WORK TO COMPLETE: Once you find the line with "Strick Dry Van" in the entries below, print it and each line after it up to and including the line with "- Outbuildings: Original", exactly, without pictures.

+ + +

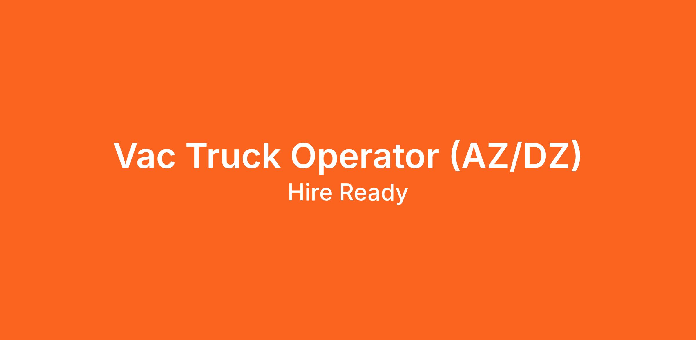 Hiring Vac Truck Operator (AZ/DZ)Location:
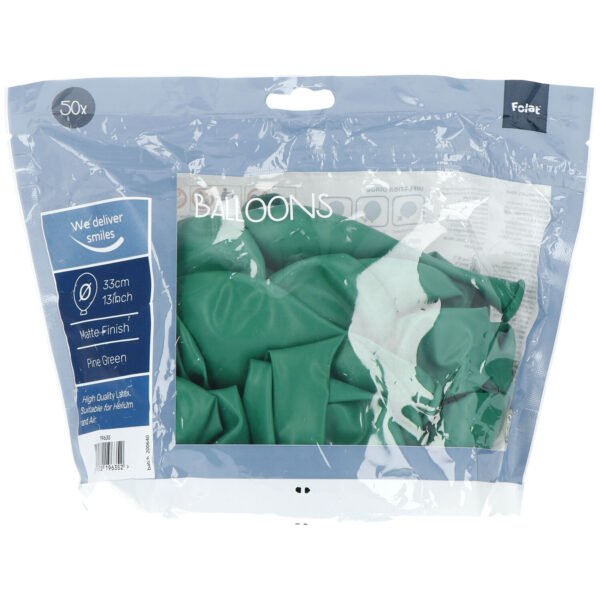 Balloons Pine Green Matt 33cm – 50 pieces. Contents: 50 Latex Balloons. Colour: Green. You can use this article for the following party occasion(s): Birthday
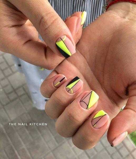 Не смотря на то, что этот дизайн универсален, практичен и нейтрален, он сейчас менее популярен. Да классический френч подходит и под короткую юбку и под вечернее платье и сложно найти более удобный формат, но сейчас на пике популярности нео яркий френч который создается из смеси нескольких техник и обыгрывается абстрактными узорами.
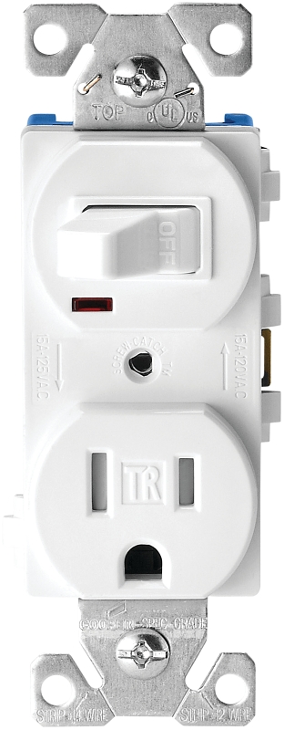 Traditional heavy-duty-grade combination switch with receptacle features UL listed tamper-resistant shutters designed to prevent the insertion of foreign objects. TR274 features a neon pilot light which is On when switch is On. Switch is horsepower-rated for motor loads per UL 20. Thermoplastic toggle, top and backbody are virtually unbreakable to deliver years of durable performance. Ultrasonic welding and integrated construction of the strap and body provide excellent ground integrity even under heavy use. Durable, injection molded housings and PVC resin comply with UL94 V0 flammability ratings. Tri-combo screw heads offer greater installation flexibility.
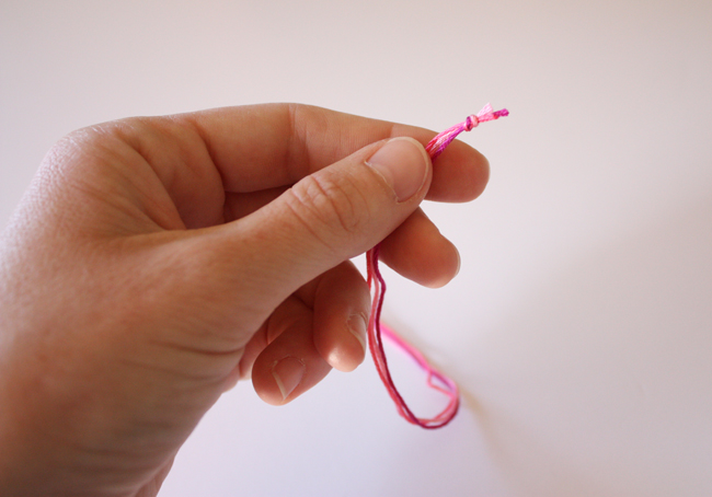 Today she’s sharing a pink friendship bracelet with us.
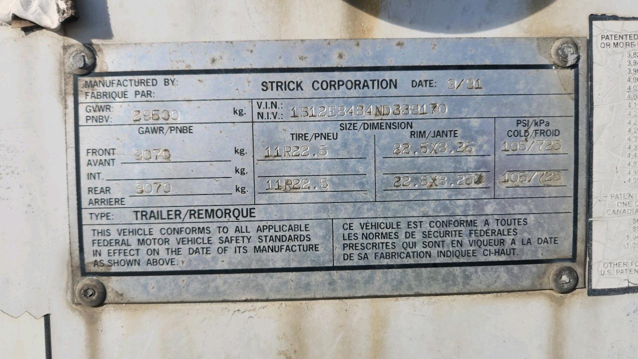 Strick Dry Van Trailer, 48 feet, T/A, Mod. N/A, VIN. 1S12E8484ND339170, Roll up door, (1991), Storage
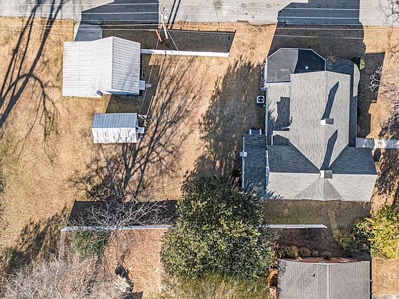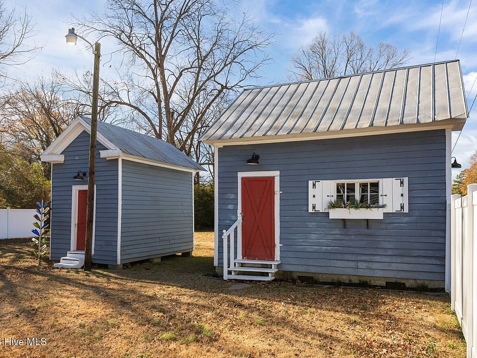 - Outbuildings: Original smokehouse (used for storage), a secondary larger storage building, and an open garage.
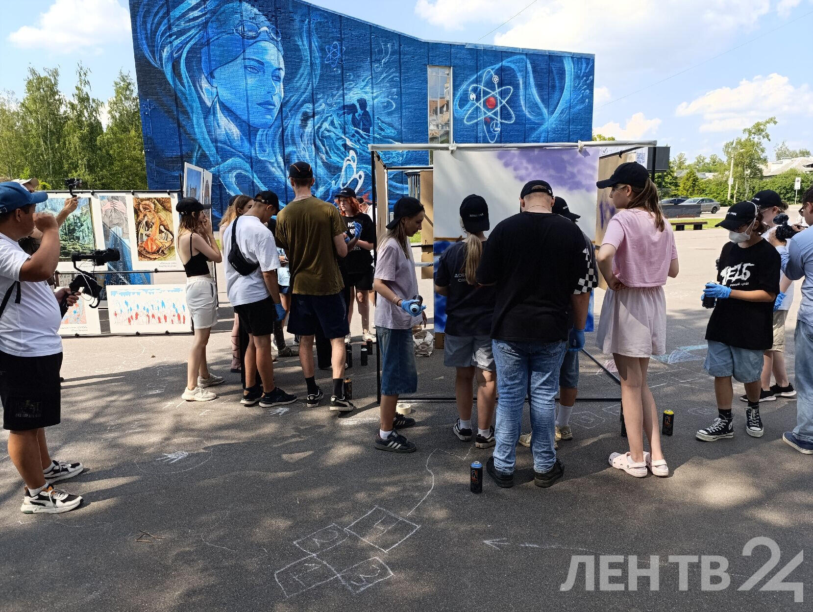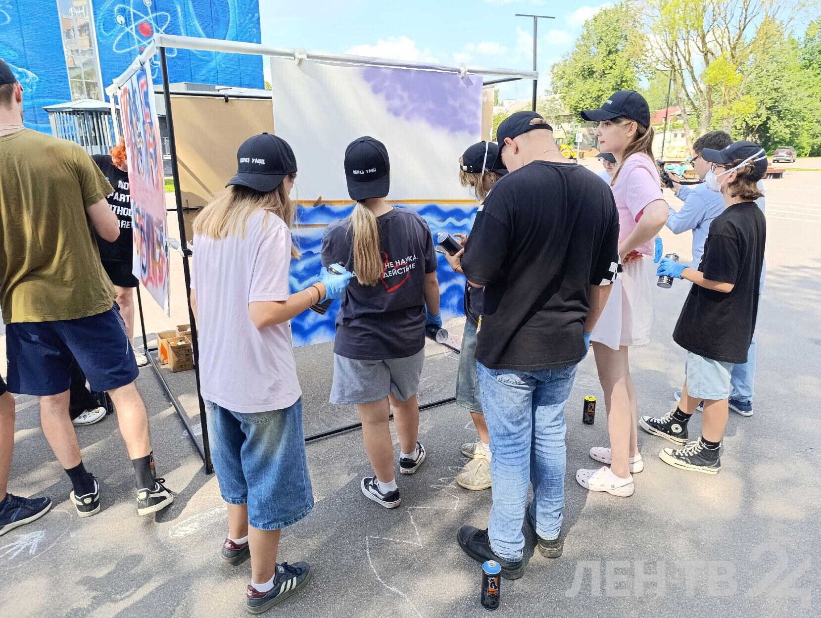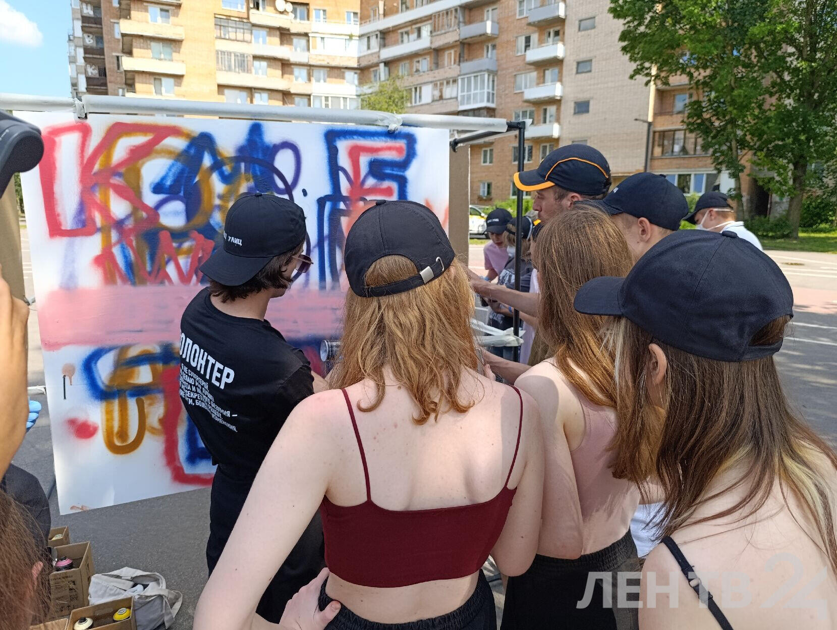 На здании бассейна центра развития физкультуры и спорта «Волна» открыли мурал, а затем провели мастер-класс по рисованию граффити. Его участниками стали десять человек – гатчинских добровольцев и восемь ребят из Курска, которые отдыхают этим летом в детских лагерях Ленобласти.

+ + +

EXERCISE RESPONSE:
 Strick Dry Van Trailer, 48 feet, T/A, Mod. N/A, VIN. 1S12E8484ND339170, Roll up door, (1991), Storage
 - Outbuildings: Original smokehouse (used for storage), a secondary larger storage building, and an open garage.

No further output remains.